In 2004 there were two reunion concerts in Nottingham and one in London at former manager John Eichler's pub 'The Three Kings', Clerkenwell. In 2006 Kerr appeared in the 'Richard Booth Band', along with Ken Whaley (ex Man, and Help Yourself), on bass. Booth now fronts 'The Richard Booth Trio' along with keyboard player Andrew Hawkey and David Cornelius Eger on mandolin, releasing an album, Spill the Moon in early 2014.

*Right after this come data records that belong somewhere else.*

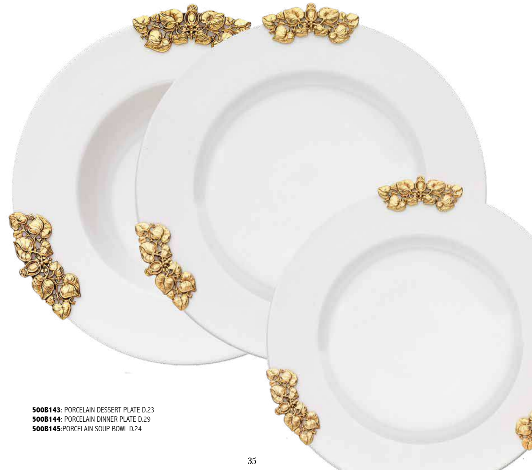
500B143: PORCELAIN DESSERT PLATE D.23 500B144: PORCELAIN DINNER PLATE D.29 500B145: PORCELAIN SOUP BOWL D.24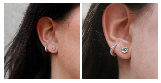
(a) Badly descripted accessory (b) Descripted as "Orion emer-"Orion ruby earring". ald earring".

Fig. 3: Accessories badly described by the best model. Similar shape and material.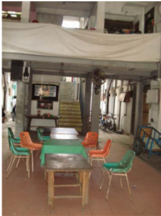
Fig. 19 Meeting space developed by the inhabitant in Menanggal using space between blocks. Source : field survey, 2012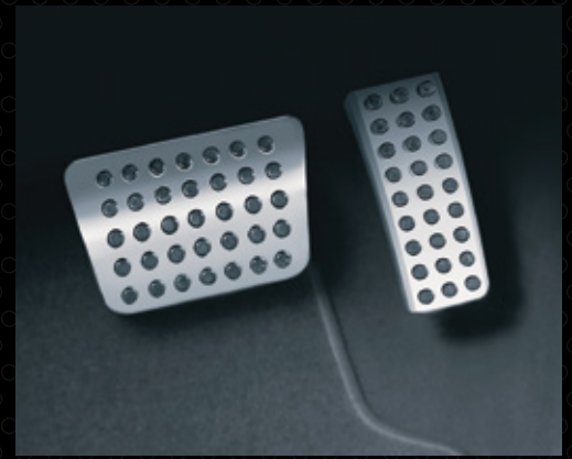
^ BRIGHT PEDAL KIT. Stainless steel pedal covers add plenty of bold brightwork to your footwell. Rubber on pedals provides contrast and positive traction. TM Properly secure all cargo.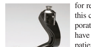
Renegade (K3-4)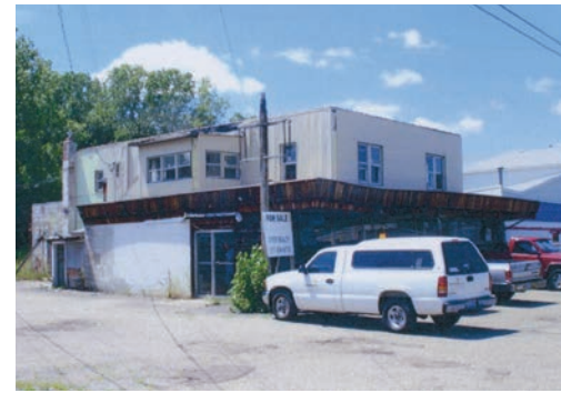
The Water Store before and after

The Delhi DDA is at 2045 North Cedar Street, Holt, 517.699.3866, www.delhidda.com .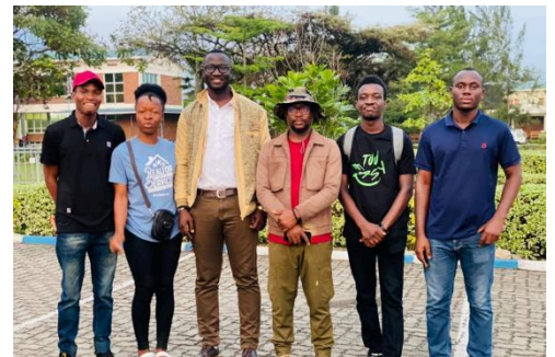
Musanze Leadership and NAC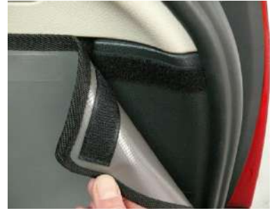
Self-adhesive loop fastener onto plastic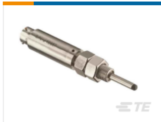
TE Part #02351008-000 GA-HD GCD-SE-500 ASSY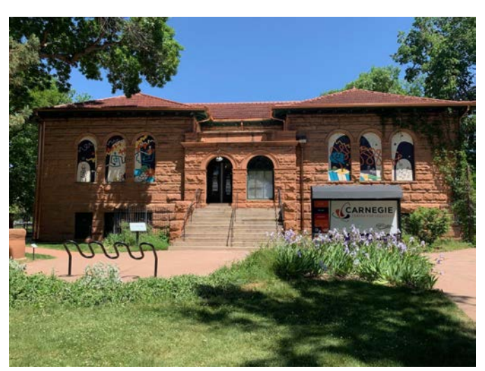
The Carnegie Center for Creativity is undergoing a huge historic restoration to allow for more accessibility, creating a State of the Art multi arts facility - a $2.4 million project!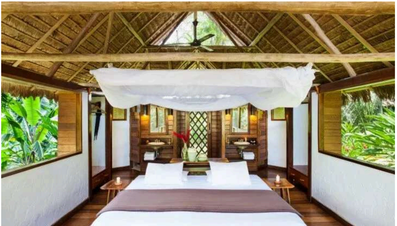
This luxury wooden cabin is open to the rainforest so you have a unique close experience with nature.

Offering rustic luxury (think spotless wooden cabins opening out onto the rainforest and slung with silky mosquito nets to protect you from any unwelcome visitors) and a location just 45-minutes downstream, this lodge is the perfect introduction to the delights of the Amazon.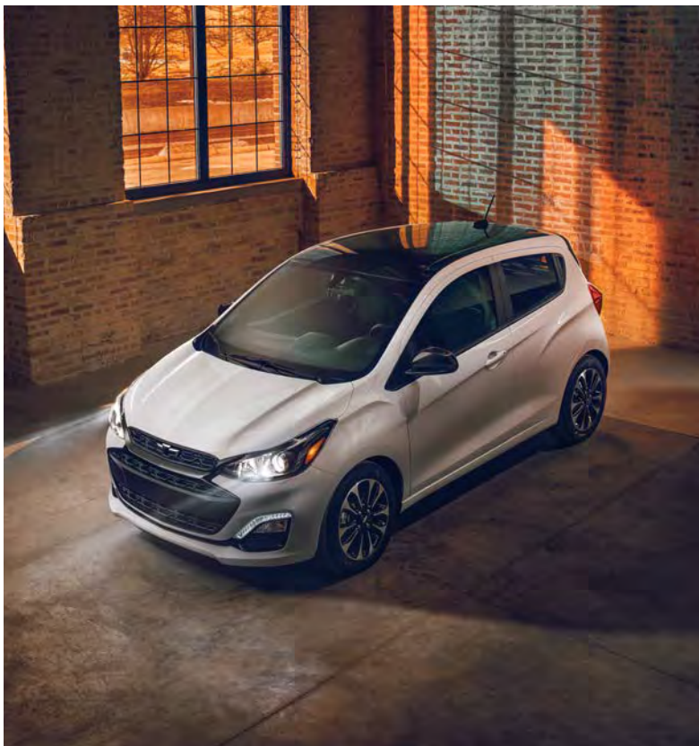
Spark Special Edition.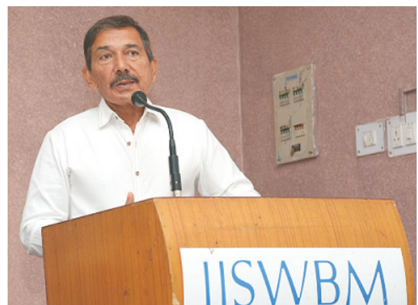
Shri Arun Lal, the former Chief Coach of the Bengal Cricket Team & former opener of the Indian Cricket team, inaugurating the Sports Management Course, (Session 2019-2020)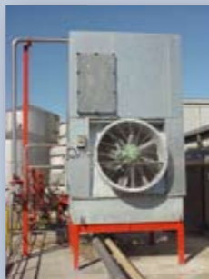
Single Cell Forced Draft with Axial Fan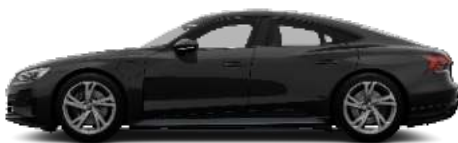
Mythos Black Metallic 0E0E €1,348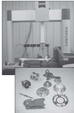
Ranger Tool & Die Co. is located at 317 S. Westervelt in the City of Zilwaukee.

Ranger Tool provides a range of machining services including: turning, two through five axis milling, RAM and wire EDM, contouring, drilling, tapping and internal and external thread grinding. Heat treating and plating can also be provided the company's certified vendors.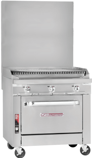
P36D-CCC w/ optional casters and flue riser.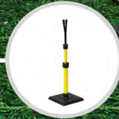
Square It Up Tee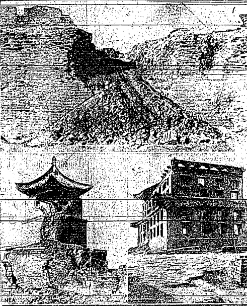
First pictures to reach America from Shanghai show the effects of Japanese bombs and cannon fire on the northern China city. Above, damaged by Japanese guns to the historic wall of China, which meets the sea at Shanghai. Below, two buildings damaged by shell and bombs as a temple near the great wall at right, a Shanghai building.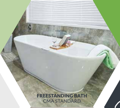
FREESTANDING BATH CMA STANDARD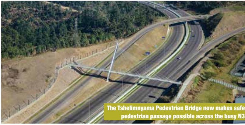
The Tshelimnyama Pedestrian Bridge now makes safe pedestrian passage possible across the busy N3

Structurally sound design principles resulted in an elegant and functional pedestrian bridge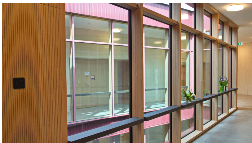
The new building meets the Minergie-Eco standard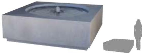
Cube - 1500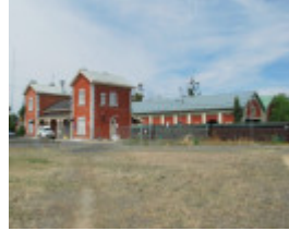
ECHUCA RAILWAY STATION COMPLEX SOHE 2008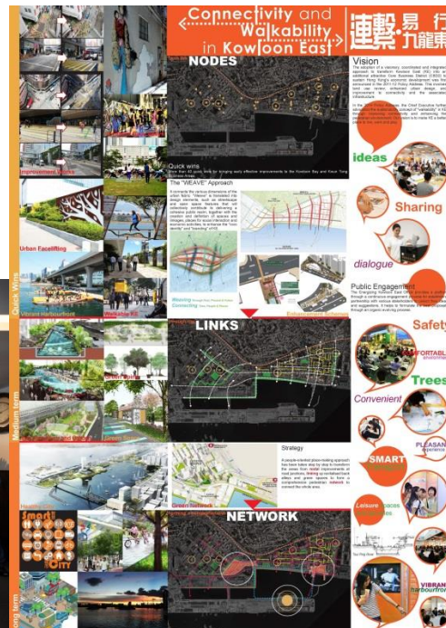
Presentation of Special Citation for Plan/Concept Category (Hong Kong Projects) - Energizing Kowloon East Office, Development Bureau, HKSAR Government and Other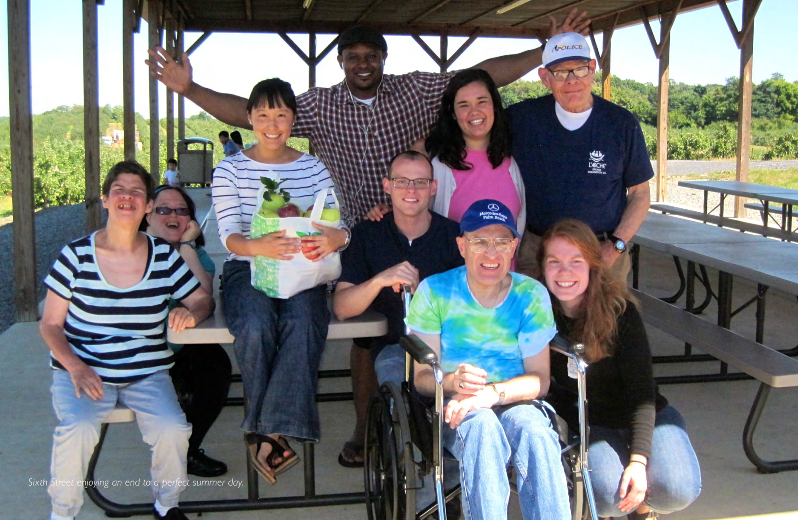
Sixth Street enjoying an end to a perfect summer day.

Harry Stephenson continues to write and perform his material with his band 'The Last Pedestrians', which also includes Wayne Evans, front man and bass player of 'Gaffa' and occasional bassist for Plummet Airlines, now playing double bass. 'The Last Pedestrians' have played in Nottingham pubs since 2004.

==Personnel==
- Simon Bladon – (drums) 1973–74
- Richard Booth – (guitar, vocals) throughout
- Keith Gotheridge – (drums) 1974–77
- Darryl Hunt – (bass, vocals) throughout
- Duncan Kerr – (guitar, vocals) 1974–77
- Gasper Lawal – (percussion) 1976–77
- Malcolm Morley – (guitar, keyboards) 1976
- Harry Stephenson – (guitar, vocals) throughout

==Subsequent careers==
- Bladon – Played and recorded with British Bluesman Brian Knight, New Wave outfit AerialFX, Toured England/Europe and Greece with Folkband Pyewackett, London/Irish Band Schooners Rig and many others. Taught [drums] and has played in a Charity Band 'Step on the Gas' for the last 14 years including a concert in India following the 2003 tsunami. Retired from playing in 2015 following hearing problems.
- Booth – Played with Brainiac 5, Farenji Warriors and Audio Murphy before forming the Richard Booth Band, currently with The Richard Booth Trio who released Spill The Moon in 2014
- Hunt – Joined The Pogues and played with Steve Earle
- Gotheridge – Joined Darts
- Kerr – Joined Darts, later also joining Audio Murphy. As of May 2013 is with Brainiac 5.
- Lawal – Appeared with numerous other bands, including Stephen Stills, Graham Bond, Babe Ruth, Vinegar Joe, Camel and Wishbone Ash
- Morley – Played with Deke Leonard, Wreckless Eric and Kirsty McColl, issued solo albums Aliens (2001) and Lost and Found (see above)
- Stephenson – Played with Harry & The Atoms, Gaffa, Cycle Annie and The Last Pedestrians as well as regular solo slots on many Heineken Music Festivals during the 1990s.

==Discography==
- "Silver Shirt" / "This is the World" – Stiff Records (BUY 8) Single (1976)
"Silver Shirt" also appeared in The Big Stiff Box Set 4CDs (SALVOBX402)
"This is the World" also appeared on the Hits Greatest Stiffs LP (FIST 1)
- "It's Hard" / "My Time in a While" – State Records – Single (1977)
- On Stoney Ground – Armageddon Records (Hedonics 1/2) Double LP (1981)
- With Malcolm Morley
- Lost and Found – (Hux 34) CD (2002)

==In popular culture==
The 2006 video game Grand Theft Auto: Vice City Stories, features an airline named after the band. The company logo, partially inspired by Australian airline Qantas, is that of a plane flying downwards and its slogan is called "The Last Resort".